:: Source information ::
....

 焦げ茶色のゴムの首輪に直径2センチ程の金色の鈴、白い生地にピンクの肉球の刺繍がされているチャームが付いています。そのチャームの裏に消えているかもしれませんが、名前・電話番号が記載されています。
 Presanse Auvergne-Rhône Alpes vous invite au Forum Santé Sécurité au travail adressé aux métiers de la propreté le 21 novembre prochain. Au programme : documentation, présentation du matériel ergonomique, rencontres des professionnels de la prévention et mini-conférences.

....

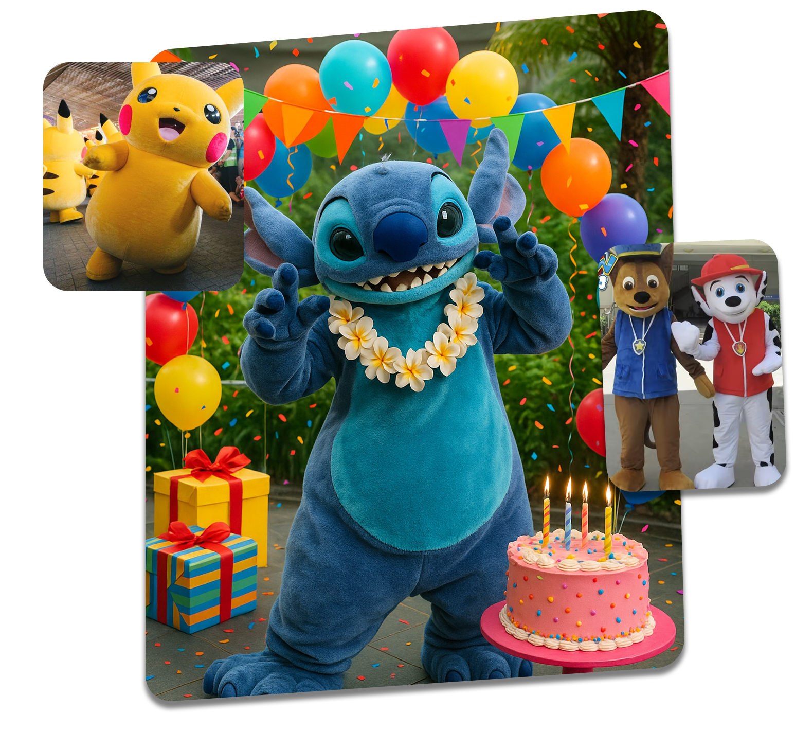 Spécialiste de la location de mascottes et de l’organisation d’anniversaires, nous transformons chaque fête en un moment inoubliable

....

:: Task directions ::
Using the entries shown above, reproduce verbatim the lines from the line bearing "焦げ茶色のゴムの首輪に直径2" to the line bearing "Presanse Auvergne-Rhône Alpes", inclusive.

:: Exercise response ::
 焦げ茶色のゴムの首輪に直径2センチ程の金色の鈴、白い生地にピンクの肉球の刺繍がされているチャームが付いています。そのチャームの裏に消えているかもしれませんが、名前・電話番号が記載されています。
 Presanse Auvergne-Rhône Alpes vous invite au Forum Santé Sécurité au travail adressé aux métiers de la propreté le 21 novembre prochain. Au programme : documentation, présentation du matériel ergonomique, rencontres des professionnels de la prévention et mini-conférences.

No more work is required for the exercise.